Spare parts can be defined as nonfinancial assets in the asset repository. If these parts are used in the performance of a component changeout, the costs do not flow into PeopleSoft Project Costing. If a nonfinancial component is required to repair a component and you want the costs to flow ti PeopleSoft Project Costing, then you must set the nonfinancial asset up as either an inventory or noninventory item.
If you select parts to repair an asset and the part is not a capitalized (financial) asset in PeopleSoft Asset Management, then it is treated like any other inventory or noninventory part used to repair an asset. This is not treated as component changeout.
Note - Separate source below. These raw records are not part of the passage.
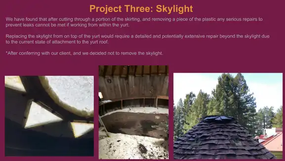 - Please note: Our third project required any work for the skylight to be completed from within the yurt because we did not have permission to be on the roof for any renovations.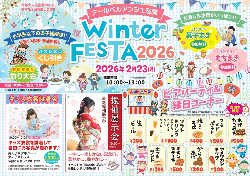 《イベント情報》 2/23(月・祝)開催★ 【 アールベルアンジェ室蘭 Winter Festa 2026 】
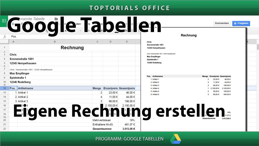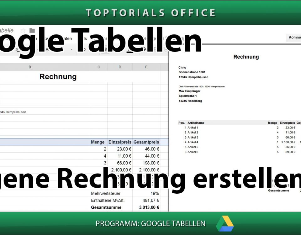 Eine Rechnung erstellen mit und ohne MwSt. (Google Tabellen) In diesem Tutorial zeige ich Euch wie Ihr mit GOOGLE TABELLEN eine eigene Rechnung erstellen könnt. Hier zeige ich Euch wie Ihr […]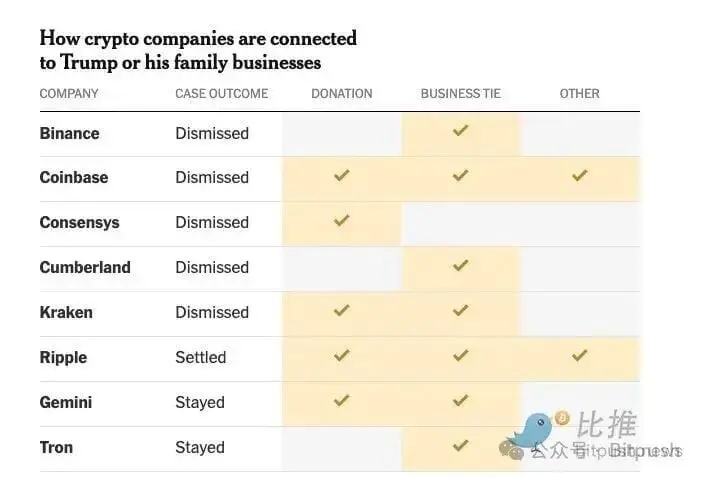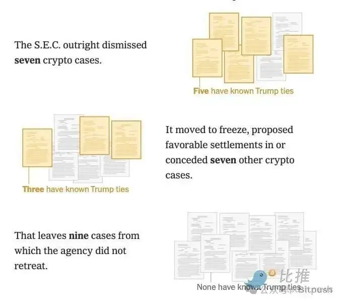 《紐約時報》調查發現,對於所有與特朗普家族加密業務存在關聯、或曾為其政治事業提供資金支持的企業,該機構均已採取退讓態度。目前SEC僅存的加密案件起訴對象,均為與特朗普無明顯關聯的不知名被告。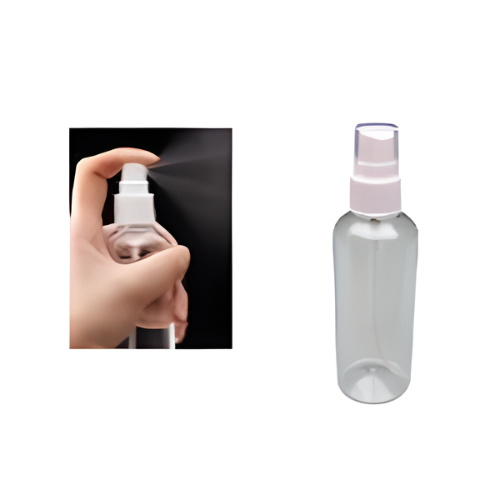 Botella spray plástica traslúcida de 100 ml con aspersor, ideal para líquidos desinfectantes. Presentación individual.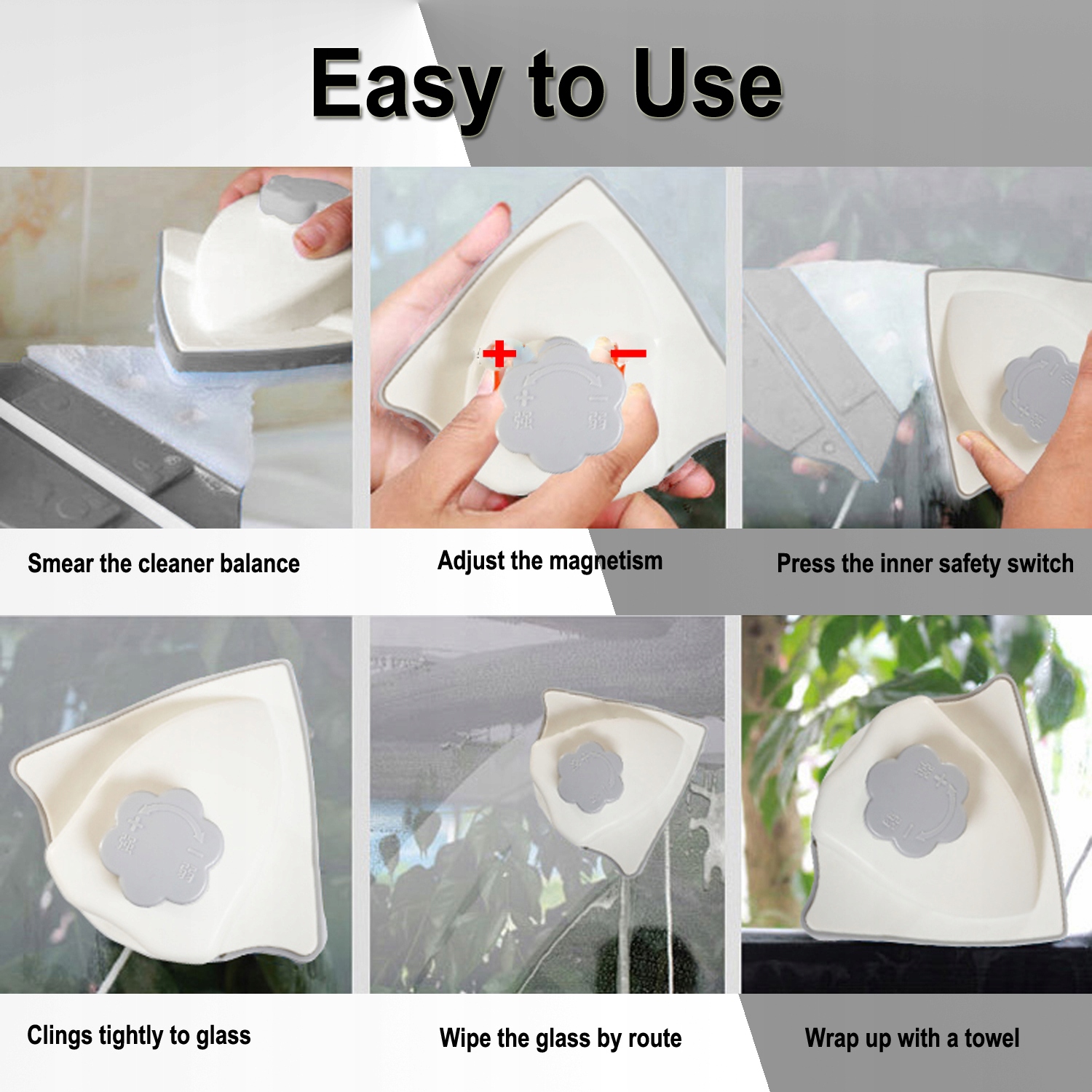 Сильный 10 -мм магнит с регулируемой магнитной функцией. Очень гибкая очистка индивидуального, двойного и нескольких стекла.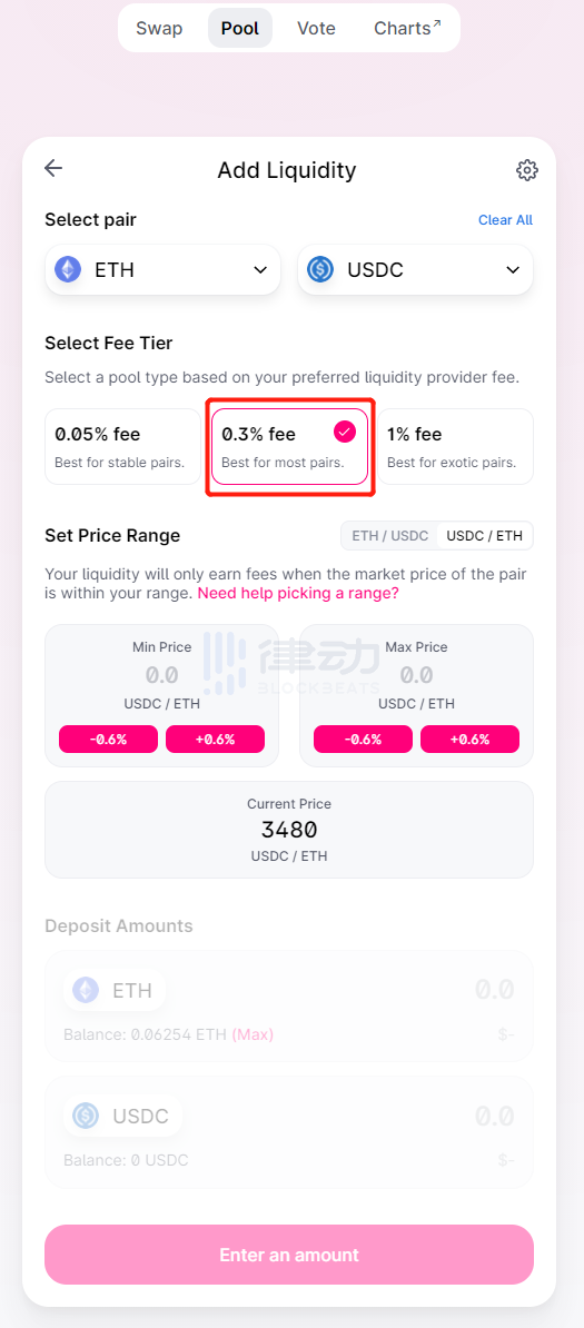 1. 选择在 ETH/USDC 资金池提供流动性,费率就选择资金规模最大的 0.3% 即可。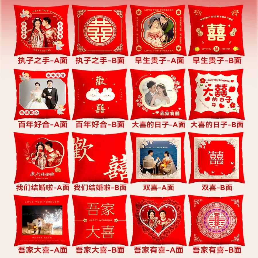结婚抱枕定制一对diy照片婚房装饰红喜字沙发靠垫高级感新婚礼物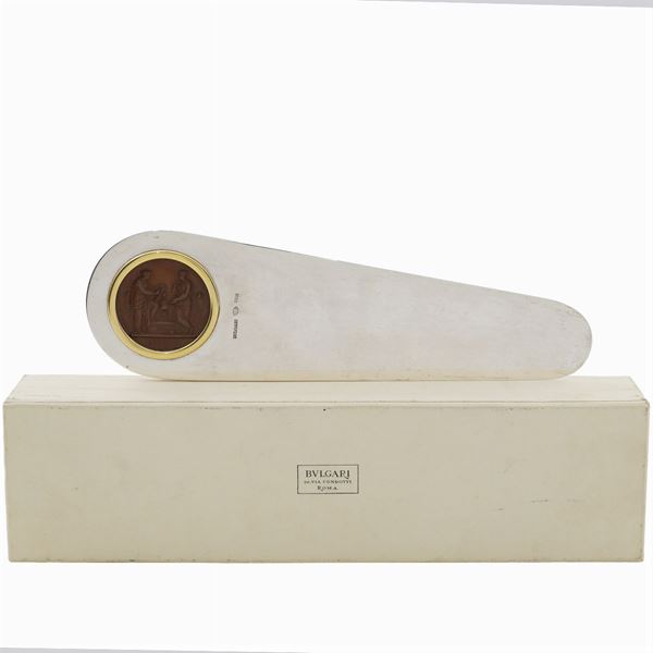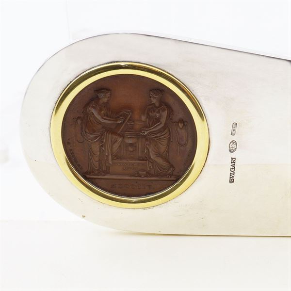 di forma ovale decorato con una medaglia napoleonica in bronzo del 1804, marchio e firma sul retro, entro scatola originale, l. 20.5 cm. r, peso lordo 270 gr.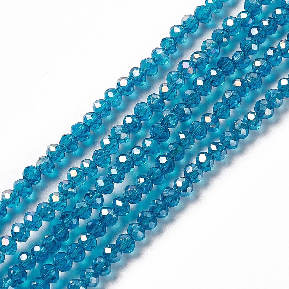 Faceted Glassbeads Electroplate Petrol Blue 3x2mm, strand 140 pieces

If a technician removes an inventoried item during a repair, then the inventory personnel must use Express Putaway in PeopleSoft Inventory to enter the part into stock and also must put the part in an inventory storage area location identified as nonnettable if the part is damaged or not available for use. Typically parts that need repair are stored in a nonnettable location so that the quantity does not affect the available quantity.
You can create a work order without a target asset to capture the costs of the labor and parts needed to repair the inventoried part. Once you repair the part, inventory personnel can move it to a nettable storage area location for reuse.
For inventoried parts that you remove from an asset so that you can repair the parts, you probably want to enter them in PeopleSoft Inventory under a new item ID and identify then as non-cost items. Identifying the items as non-cost items ensures that when and if you issue the refurbished item to a work order, it will not result in an expense transaction, since the part was previously accounted for in a prior financial transaction.
See Also
Understanding Inventory Material Storage Structures
When a work order task is used to remove or install an asset, the processing works the same way it does for any other work order task. The costs of removing or installing the component are sent to the feeder systems (Inventory, PeopleSoft Payables, PeopleSoft Travel and Expenses, and PeopleSoft Project Costing (tools transaction), which generate the accounting entries that are sent to PeopleSoft Project Costing.
When the status of the removal, retirement, or the install task is changed to Complete the work order sends data to PeopleSoft Asset Management. When the work order task is closed, the Cost Summarization process is run automatically and the actual costs are sent from PeopleSoft Project Costing PeopleSoft Maintenance Management.